Records from a dataset:
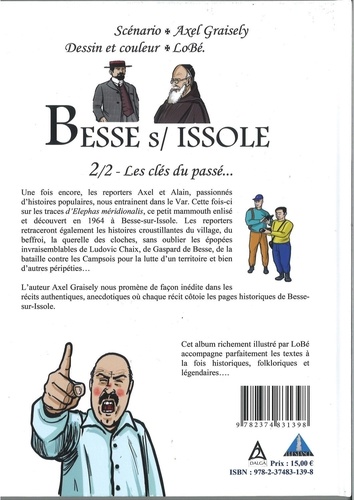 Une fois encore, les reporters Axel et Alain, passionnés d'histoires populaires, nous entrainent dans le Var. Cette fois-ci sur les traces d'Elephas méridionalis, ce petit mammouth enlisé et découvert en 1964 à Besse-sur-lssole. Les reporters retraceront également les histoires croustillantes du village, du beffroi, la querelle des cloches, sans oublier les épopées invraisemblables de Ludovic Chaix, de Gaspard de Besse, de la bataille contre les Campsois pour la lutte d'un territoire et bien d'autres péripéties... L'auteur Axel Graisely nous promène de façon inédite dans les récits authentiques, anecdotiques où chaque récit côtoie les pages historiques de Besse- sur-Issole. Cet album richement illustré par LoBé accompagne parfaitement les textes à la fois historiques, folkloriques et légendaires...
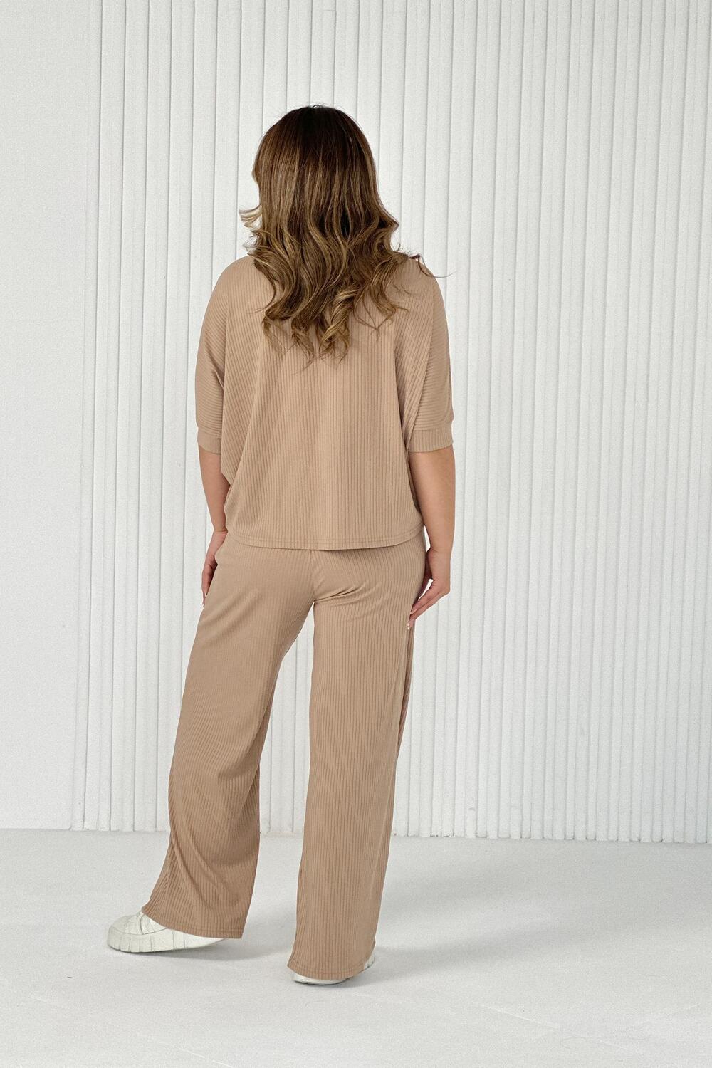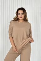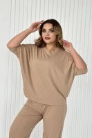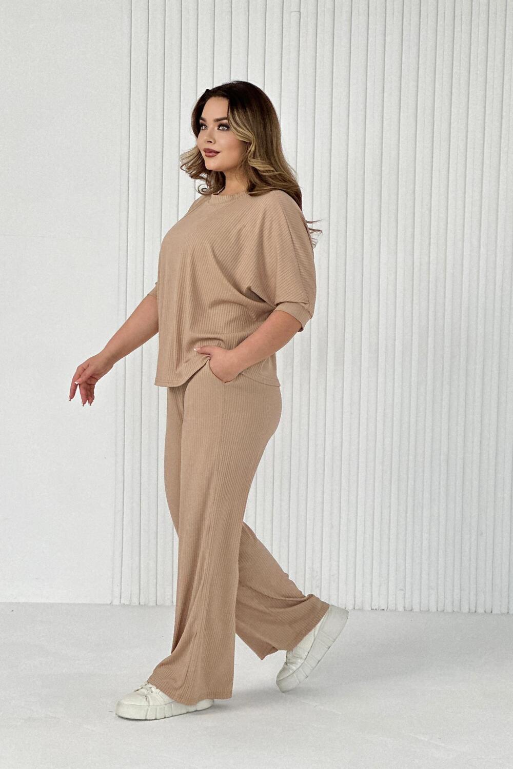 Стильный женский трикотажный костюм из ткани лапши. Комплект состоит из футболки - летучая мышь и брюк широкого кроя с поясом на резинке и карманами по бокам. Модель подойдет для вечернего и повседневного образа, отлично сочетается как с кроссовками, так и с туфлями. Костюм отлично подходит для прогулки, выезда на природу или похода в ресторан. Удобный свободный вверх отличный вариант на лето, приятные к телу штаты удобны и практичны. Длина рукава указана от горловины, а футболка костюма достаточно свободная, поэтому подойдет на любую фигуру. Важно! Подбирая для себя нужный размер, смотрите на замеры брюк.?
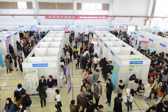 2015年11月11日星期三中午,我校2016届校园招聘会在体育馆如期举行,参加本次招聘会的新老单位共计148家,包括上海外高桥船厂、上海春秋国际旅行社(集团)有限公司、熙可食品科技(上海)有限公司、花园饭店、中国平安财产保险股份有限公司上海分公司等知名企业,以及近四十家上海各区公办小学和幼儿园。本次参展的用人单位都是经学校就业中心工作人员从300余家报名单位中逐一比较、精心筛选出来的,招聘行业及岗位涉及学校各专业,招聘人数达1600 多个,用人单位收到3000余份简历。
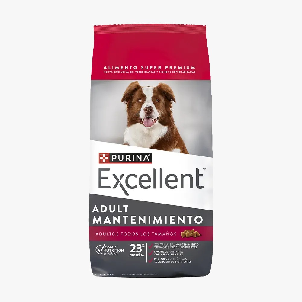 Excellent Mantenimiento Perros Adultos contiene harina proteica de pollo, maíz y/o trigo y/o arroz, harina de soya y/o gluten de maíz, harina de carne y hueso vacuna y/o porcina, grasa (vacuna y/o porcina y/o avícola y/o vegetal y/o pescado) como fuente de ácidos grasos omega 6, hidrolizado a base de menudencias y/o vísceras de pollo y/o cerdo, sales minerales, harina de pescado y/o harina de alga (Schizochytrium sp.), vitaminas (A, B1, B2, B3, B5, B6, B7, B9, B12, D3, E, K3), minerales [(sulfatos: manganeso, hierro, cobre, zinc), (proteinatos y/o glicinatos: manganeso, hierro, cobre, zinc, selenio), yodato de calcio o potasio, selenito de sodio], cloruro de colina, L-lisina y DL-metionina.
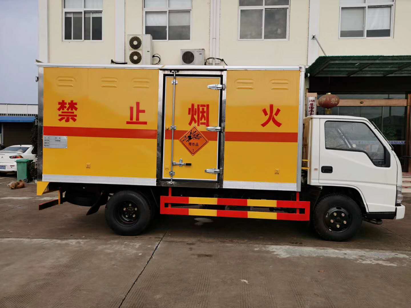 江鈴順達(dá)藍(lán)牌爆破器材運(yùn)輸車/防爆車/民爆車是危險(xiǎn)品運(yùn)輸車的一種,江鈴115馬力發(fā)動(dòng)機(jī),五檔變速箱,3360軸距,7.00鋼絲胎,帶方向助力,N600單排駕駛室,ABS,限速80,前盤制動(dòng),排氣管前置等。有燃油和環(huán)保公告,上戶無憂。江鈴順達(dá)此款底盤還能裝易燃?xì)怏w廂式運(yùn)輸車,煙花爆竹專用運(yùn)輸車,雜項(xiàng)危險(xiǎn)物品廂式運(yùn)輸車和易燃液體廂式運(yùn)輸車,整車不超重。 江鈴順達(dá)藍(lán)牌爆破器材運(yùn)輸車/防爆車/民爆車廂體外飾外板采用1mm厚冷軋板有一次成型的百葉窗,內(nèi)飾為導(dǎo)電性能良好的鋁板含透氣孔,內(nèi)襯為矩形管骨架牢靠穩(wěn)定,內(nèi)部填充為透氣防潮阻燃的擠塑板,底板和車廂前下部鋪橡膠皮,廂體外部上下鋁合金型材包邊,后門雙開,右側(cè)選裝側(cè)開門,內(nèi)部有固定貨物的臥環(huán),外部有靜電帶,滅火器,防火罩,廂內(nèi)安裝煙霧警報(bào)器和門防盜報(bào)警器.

What you need to do:
Apart from the pictures, every line above must be repeated exactly.

Response area:
 Une fois encore, les reporters Axel et Alain, passionnés d'histoires populaires, nous entrainent dans le Var. Cette fois-ci sur les traces d'Elephas méridionalis, ce petit mammouth enlisé et découvert en 1964 à Besse-sur-lssole. Les reporters retraceront également les histoires croustillantes du village, du beffroi, la querelle des cloches, sans oublier les épopées invraisemblables de Ludovic Chaix, de Gaspard de Besse, de la bataille contre les Campsois pour la lutte d'un territoire et bien d'autres péripéties... L'auteur Axel Graisely nous promène de façon inédite dans les récits authentiques, anecdotiques où chaque récit côtoie les pages historiques de Besse- sur-Issole. Cet album richement illustré par LoBé accompagne parfaitement les textes à la fois historiques, folkloriques et légendaires...
 Стильный женский трикотажный костюм из ткани лапши. Комплект состоит из футболки - летучая мышь и брюк широкого кроя с поясом на резинке и карманами по бокам. Модель подойдет для вечернего и повседневного образа, отлично сочетается как с кроссовками, так и с туфлями. Костюм отлично подходит для прогулки, выезда на природу или похода в ресторан. Удобный свободный вверх отличный вариант на лето, приятные к телу штаты удобны и практичны. Длина рукава указана от горловины, а футболка костюма достаточно свободная, поэтому подойдет на любую фигуру. Важно! Подбирая для себя нужный размер, смотрите на замеры брюк.?
 2015年11月11日星期三中午,我校2016届校园招聘会在体育馆如期举行,参加本次招聘会的新老单位共计148家,包括上海外高桥船厂、上海春秋国际旅行社(集团)有限公司、熙可食品科技(上海)有限公司、花园饭店、中国平安财产保险股份有限公司上海分公司等知名企业,以及近四十家上海各区公办小学和幼儿园。本次参展的用人单位都是经学校就业中心工作人员从300余家报名单位中逐一比较、精心筛选出来的,招聘行业及岗位涉及学校各专业,招聘人数达1600 多个,用人单位收到3000余份简历。
 Excellent Mantenimiento Perros Adultos contiene harina proteica de pollo, maíz y/o trigo y/o arroz, harina de soya y/o gluten de maíz, harina de carne y hueso vacuna y/o porcina, grasa (vacuna y/o porcina y/o avícola y/o vegetal y/o pescado) como fuente de ácidos grasos omega 6, hidrolizado a base de menudencias y/o vísceras de pollo y/o cerdo, sales minerales, harina de pescado y/o harina de alga (Schizochytrium sp.), vitaminas (A, B1, B2, B3, B5, B6, B7, B9, B12, D3, E, K3), minerales [(sulfatos: manganeso, hierro, cobre, zinc), (proteinatos y/o glicinatos: manganeso, hierro, cobre, zinc, selenio), yodato de calcio o potasio, selenito de sodio], cloruro de colina, L-lisina y DL-metionina.
 江鈴順達(dá)藍(lán)牌爆破器材運(yùn)輸車/防爆車/民爆車是危險(xiǎn)品運(yùn)輸車的一種,江鈴115馬力發(fā)動(dòng)機(jī),五檔變速箱,3360軸距,7.00鋼絲胎,帶方向助力,N600單排駕駛室,ABS,限速80,前盤制動(dòng),排氣管前置等。有燃油和環(huán)保公告,上戶無憂。江鈴順達(dá)此款底盤還能裝易燃?xì)怏w廂式運(yùn)輸車,煙花爆竹專用運(yùn)輸車,雜項(xiàng)危險(xiǎn)物品廂式運(yùn)輸車和易燃液體廂式運(yùn)輸車,整車不超重。 江鈴順達(dá)藍(lán)牌爆破器材運(yùn)輸車/防爆車/民爆車廂體外飾外板采用1mm厚冷軋板有一次成型的百葉窗,內(nèi)飾為導(dǎo)電性能良好的鋁板含透氣孔,內(nèi)襯為矩形管骨架牢靠穩(wěn)定,內(nèi)部填充為透氣防潮阻燃的擠塑板,底板和車廂前下部鋪橡膠皮,廂體外部上下鋁合金型材包邊,后門雙開,右側(cè)選裝側(cè)開門,內(nèi)部有固定貨物的臥環(huán),外部有靜電帶,滅火器,防火罩,廂內(nèi)安裝煙霧警報(bào)器和門防盜報(bào)警器.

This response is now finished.